Dealing with confined spaces.

When travelling back from a meeting, which you have needlessly dragged me to, you have several options to choose amongst as the answer to the big question – What is the correct guiding principle during a cab ride. There is always the less than comfortable option of not talking at all and staring out of the window, forefinger placed on the chin and thoughtful expression on face. This could easily seem like a waste but you must attempt to apply your mind to thought during this time, after all who doesn’t need practice on that eh? You will notice that during this time I have not plugged into the radio nor did I dive into a book and instead I also sit with a similar dazed expression looking out of the other window. This is because said actions would be considered rude. Nor must one dial a buddy on the mobile device and start yammering on about weekend plans. This is not just rude, but also inconsiderate – I do not need to know that your nickname is Pillu (really dude?)

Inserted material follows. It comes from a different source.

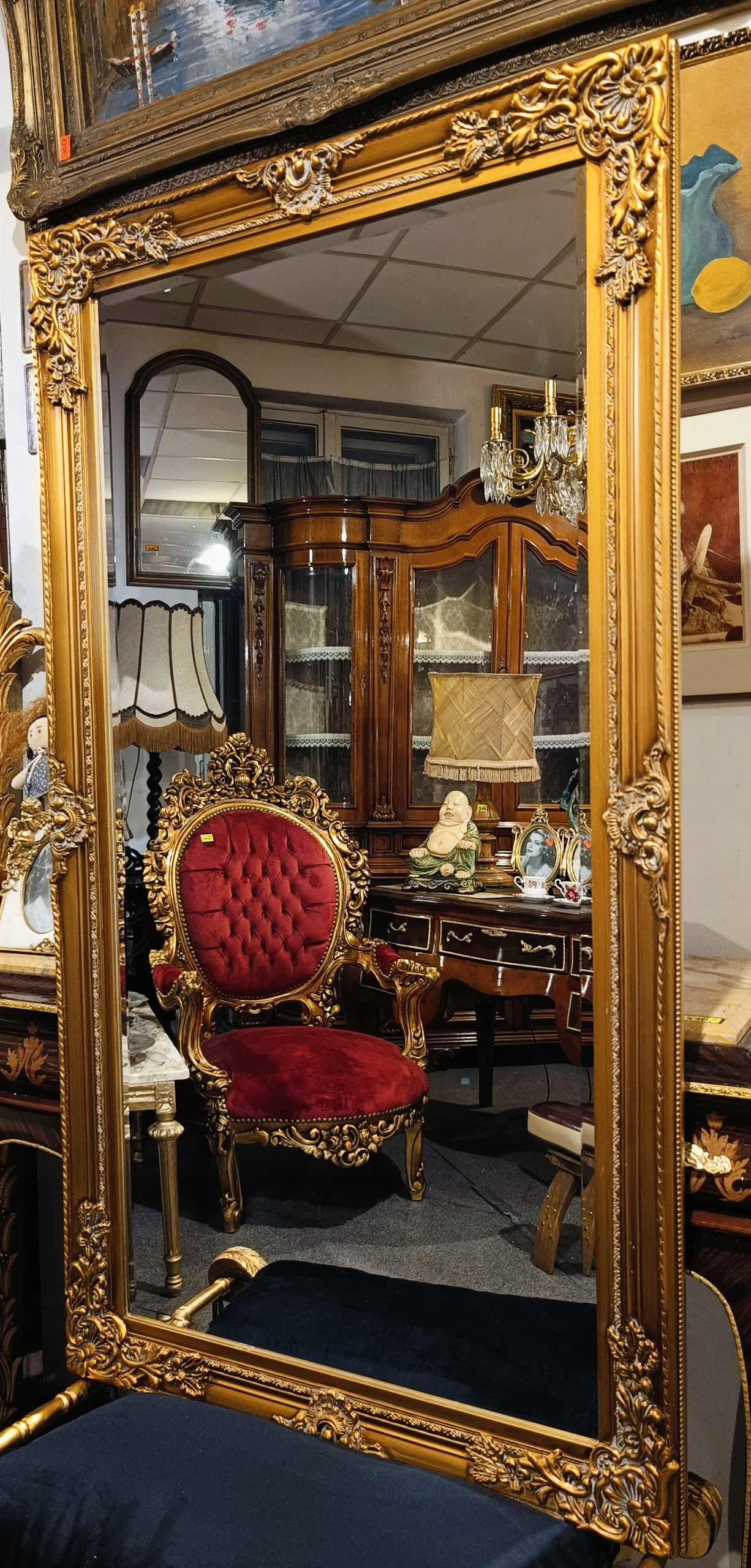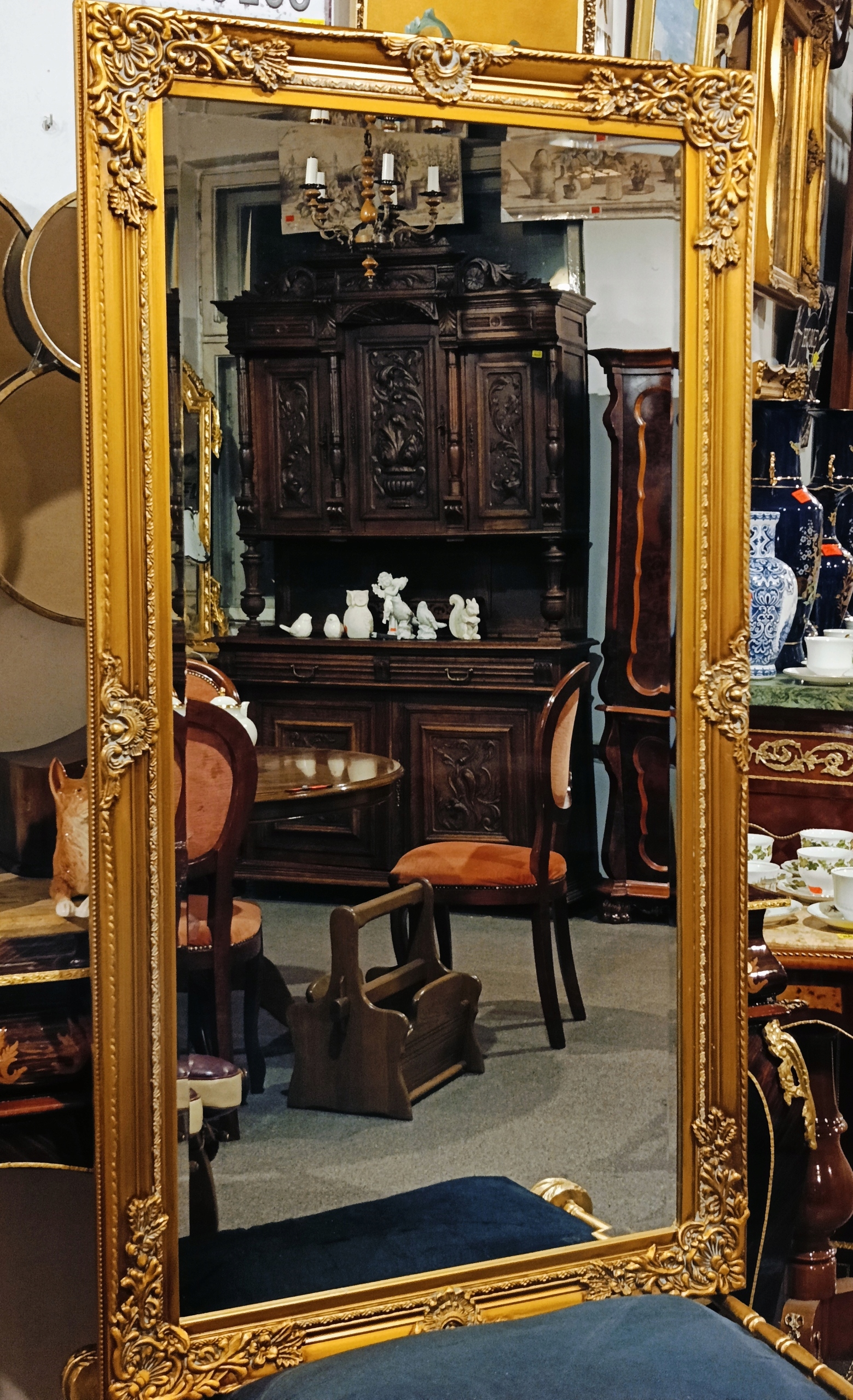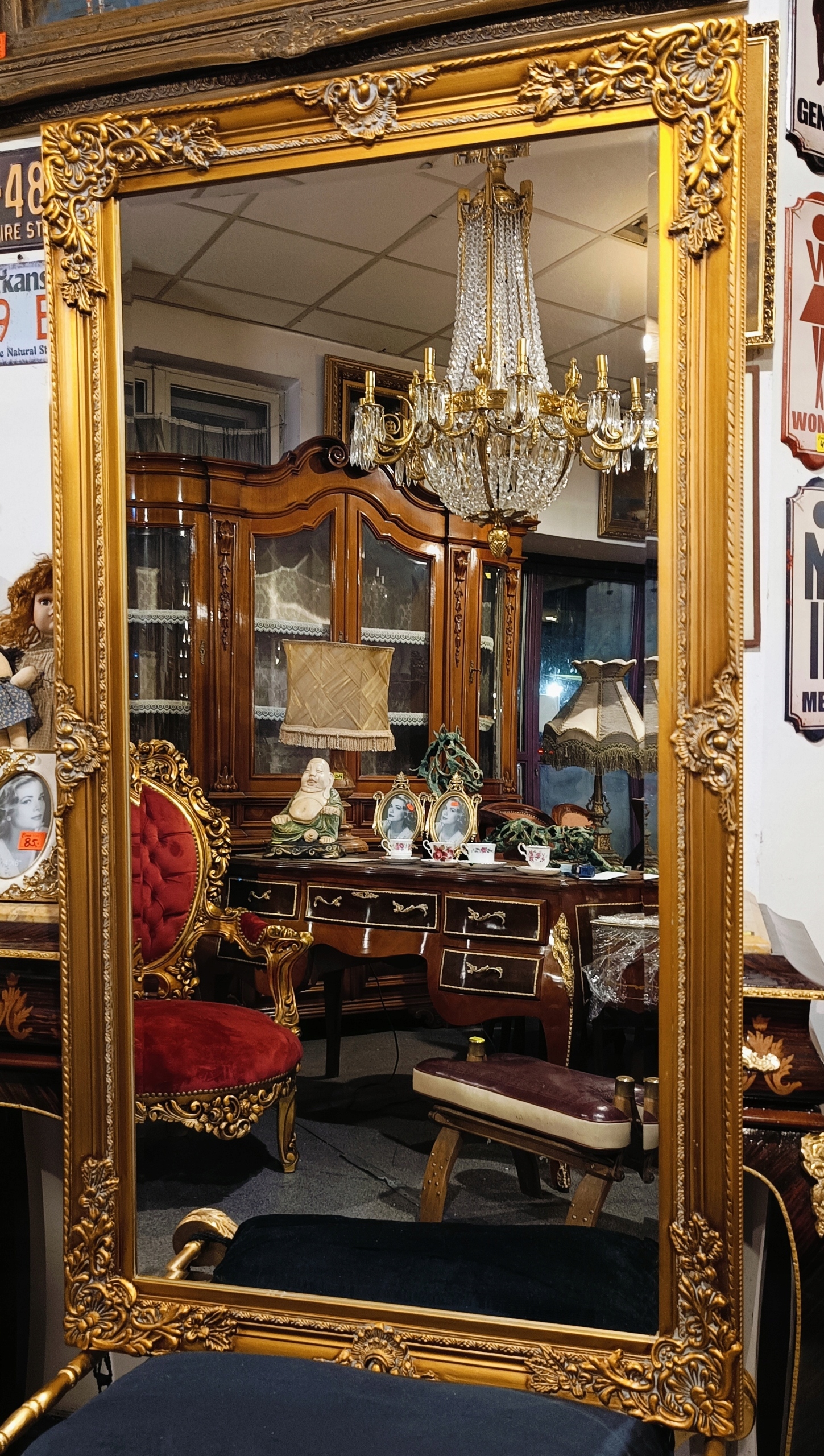 красивое и эффективное кристаллическое зеркало (канальное стекло) в прекрасной деревянной раме цвета старого золота; украшен отличными декорами. Они наслаждаются своей изощренностью и оригинальностью. Я оцениваю состояние как очень хорошее.

Of course, if you chose to converse instead, you could refer to the conversation section of the primer.

While in a cab, or in a meeting room, do not attempt to stretch. This sometimes lets those around you become intimately acquainted with that peculiar species of fungus or molasses or whatever it is you are breeding in your armpits. If it is accompanied by a yawn, the action might call into question your oral hygiene issues as well. And of course, it could always accidentally result, to your detriment, in your breaching the punch radius.

Now, it is time for me to sleep and as you will learn in future sessions, it is never acceptable to keep a lady up past her bedtime. So till we meet again then!